The heart of every Verilog-A behavioral modeling is the analog begin ... end block. This is where continuous-time equations and contribution statements are written.

Example

analog begin
    I(p, n) <+ V(p, n) / R;
end

This single line implements Ohm's law:

$$ I = \cfrac{V}{R} $$

The analog block supports:

• algebraic equations
• differential equations
• Laplace-based transfer functions
• nonlinear functions (exp, tanh, limexp)
• time-based functions (ddt, idt, timer, transition)

All analog behavior flows from the analog block.

Initial and final conditions¶

initial_step in verilog-a¶

Initialization in verilog-a is done using @(initial_step)¹:

analog begin
    @(initial_step) begin
        x = 0;
        y = 1.2;
    end
end

It executes once at the start of simulation. It is used for initializing internal state variables, setting initial conditions and precomputations of parameters. There is no separate initial block in Verilog-A unlike Verilog.

final_step in verilog-a¶

In addition to initial_step, there is also final_step in verilog-a, which runs at the end of all the events.

Complete example of initial_step and final_step

module bitErrorRate (in, ref) ;
    input in, ref ;
    electrical in, ref ;
    parameter real period=1, thresh=0.5 ;
    integer bits, errors ;

    analog begin
        @(initial_step) begin // Initializing the internal variables
            bits = 0 ;
            errors = 0 ;
        end
        @(timer(0, period)) begin
            if ((V(in) > thresh) != (V(ref) > thresh))
                errors = errors + 1 ;
            bits = bits + 1 ;
        end
        @(final_step) // Printing the final status of the variables
            $strobe("bit error rate = %f%%", 100.0 * errors / bits ) ;
        end
endmodule

The “<+” Contribution Operator¶

The most essential construct is the contribution operator <+, which injects a voltage or current into the analog network.

Contribution statements implement KCL (Kirchhoff's Current Law) and KVL (Kirchhoff's Voltage Law):

• Current contribution: I(a, b) <+ expression;
• Voltage contribution: V(a, b) <+ expression;

These statements do not assign values (like in programming languages).
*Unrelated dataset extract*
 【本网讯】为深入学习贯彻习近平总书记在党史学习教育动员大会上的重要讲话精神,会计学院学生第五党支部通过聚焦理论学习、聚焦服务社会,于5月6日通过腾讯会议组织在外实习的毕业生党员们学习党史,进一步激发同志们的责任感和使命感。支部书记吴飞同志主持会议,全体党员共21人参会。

Instead, they "contribute" currents or voltages to the circuit matrix.

Capacitor¶

I(p, n) <+ C * ddt(V(p, n));

Inductor¶

V(p, n) <+ L * ddt(I(p, n));

Because contribution statements build up the circuit equation system, multiple contributions merge automatically without conflicts.

Math functions¶

Verilog-A provides built-in functions for implement various linear and non-linear memoryless algebric equations. These functions help us model :

• device-like I–V curves
• exponential diode-like behavior
• limiter or saturation models

Power operator¶

In Verilog-A, the power operator is represented by the double asterisk symbol (**). It is used to raise a base to the power of an exponent.

Syntax and Usage

The basic syntax for the power operator is:

result = base ** exponent;

It can be used with both integer and real (floating-point) numbers. For example:

• x**2 calculates x².
• y**0.5 calculates √y.

Alternative to power operator

pow(x,y) can be used as an alternative to x**y.

sqrt() function¶

It used to calculate the square root of a real-valued expression. Frequently used in noise modeling (for calculating RMS values) and in the geometric calculations of device dimensions.
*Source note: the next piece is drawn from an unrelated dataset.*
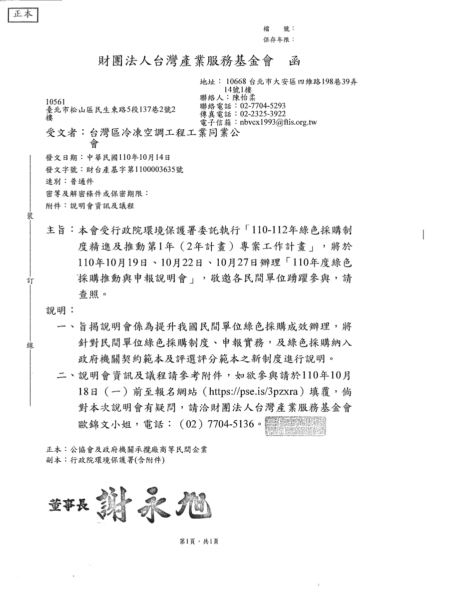 財團法人台灣產業服務基金會-110年10月19、10月22日。10月27日辦理「110年度綠色採購推動與申報說明會」,請參閱

`include "disciplines.vams"

module voltage_sqrt(in, out);
    input in;
    output out;
    electrical in, out;

    analog begin
        // Safety check: ensure input is not negative to avoid NaN/Errors
        if (V(in) >= 0) begin
            V(out) <+ sqrt(V(in));
        end else begin
            V(out) <+ 0; // Or handle as an error/limiting case
        end
    end
endmodule

limexp(x) and exp(x)¶

In Verilog-A, the exp() function calculates the natural exponential e^x for a given real-valued argument.

I(a, c) <+ is * (exp(V(a, c) / (n * $vt)) - 1);

Verilog-A provides the limexp() function, which is a "limited exponential." It behaves like exp() but prevents the simulator from crashing if the voltage gets too high (avoiding numerical overflow).

I(a, c) <+ is * (limexp(V(a, c) / (n * $vt)) - 1);

ln(x) and log(x)¶

Logarithmic functions are often used to model compression, sensors (like pH or decibel meters), or to invert exponential relationships.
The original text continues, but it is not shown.